╭─ Data section
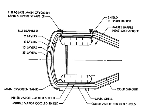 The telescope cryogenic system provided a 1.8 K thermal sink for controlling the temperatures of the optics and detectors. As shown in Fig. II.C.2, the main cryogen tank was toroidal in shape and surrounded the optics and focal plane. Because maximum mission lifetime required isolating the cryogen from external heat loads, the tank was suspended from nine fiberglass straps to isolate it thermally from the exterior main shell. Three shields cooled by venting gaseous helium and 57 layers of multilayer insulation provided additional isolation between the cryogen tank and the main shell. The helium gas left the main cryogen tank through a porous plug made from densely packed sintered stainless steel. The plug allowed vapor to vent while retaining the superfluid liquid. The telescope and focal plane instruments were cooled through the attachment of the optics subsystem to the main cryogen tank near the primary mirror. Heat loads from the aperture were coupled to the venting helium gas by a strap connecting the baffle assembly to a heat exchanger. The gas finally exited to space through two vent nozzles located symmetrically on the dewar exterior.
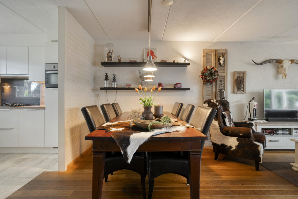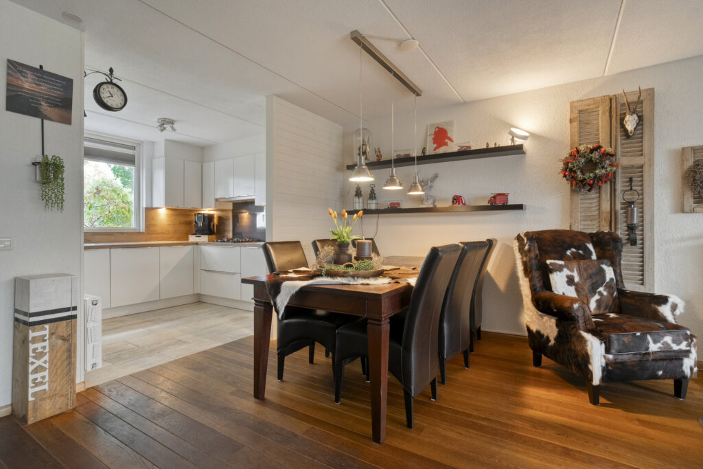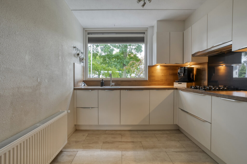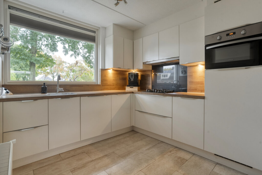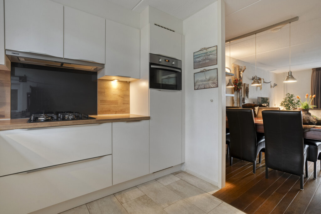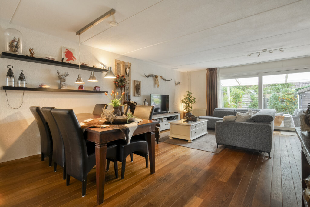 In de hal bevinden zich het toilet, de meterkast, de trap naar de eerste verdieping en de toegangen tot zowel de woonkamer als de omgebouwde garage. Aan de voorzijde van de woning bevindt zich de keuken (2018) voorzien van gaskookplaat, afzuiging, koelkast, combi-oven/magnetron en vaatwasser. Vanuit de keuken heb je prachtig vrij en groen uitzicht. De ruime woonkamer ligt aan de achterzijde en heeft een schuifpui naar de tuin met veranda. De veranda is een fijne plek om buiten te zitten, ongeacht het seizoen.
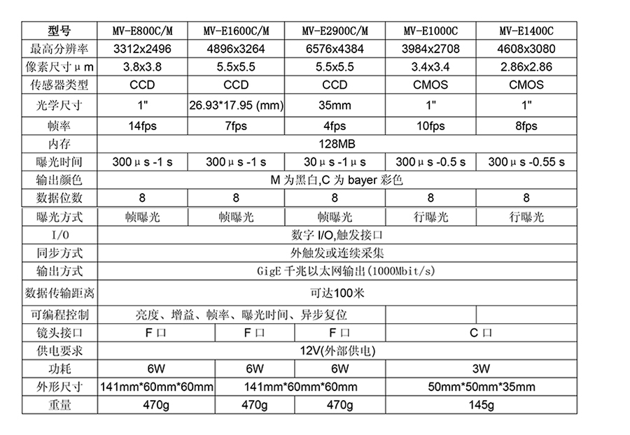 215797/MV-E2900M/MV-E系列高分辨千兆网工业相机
╰─
## Work to complete
Please output each line above exactly and omit all images.

## Your response
 The telescope cryogenic system provided a 1.8 K thermal sink for controlling the temperatures of the optics and detectors. As shown in Fig. II.C.2, the main cryogen tank was toroidal in shape and surrounded the optics and focal plane. Because maximum mission lifetime required isolating the cryogen from external heat loads, the tank was suspended from nine fiberglass straps to isolate it thermally from the exterior main shell. Three shields cooled by venting gaseous helium and 57 layers of multilayer insulation provided additional isolation between the cryogen tank and the main shell. The helium gas left the main cryogen tank through a porous plug made from densely packed sintered stainless steel. The plug allowed vapor to vent while retaining the superfluid liquid. The telescope and focal plane instruments were cooled through the attachment of the optics subsystem to the main cryogen tank near the primary mirror. Heat loads from the aperture were coupled to the venting helium gas by a strap connecting the baffle assembly to a heat exchanger. The gas finally exited to space through two vent nozzles located symmetrically on the dewar exterior.
 In de hal bevinden zich het toilet, de meterkast, de trap naar de eerste verdieping en de toegangen tot zowel de woonkamer als de omgebouwde garage. Aan de voorzijde van de woning bevindt zich de keuken (2018) voorzien van gaskookplaat, afzuiging, koelkast, combi-oven/magnetron en vaatwasser. Vanuit de keuken heb je prachtig vrij en groen uitzicht. De ruime woonkamer ligt aan de achterzijde en heeft een schuifpui naar de tuin met veranda. De veranda is een fijne plek om buiten te zitten, ongeacht het seizoen.
 215797/MV-E2900M/MV-E系列高分辨千兆网工业相机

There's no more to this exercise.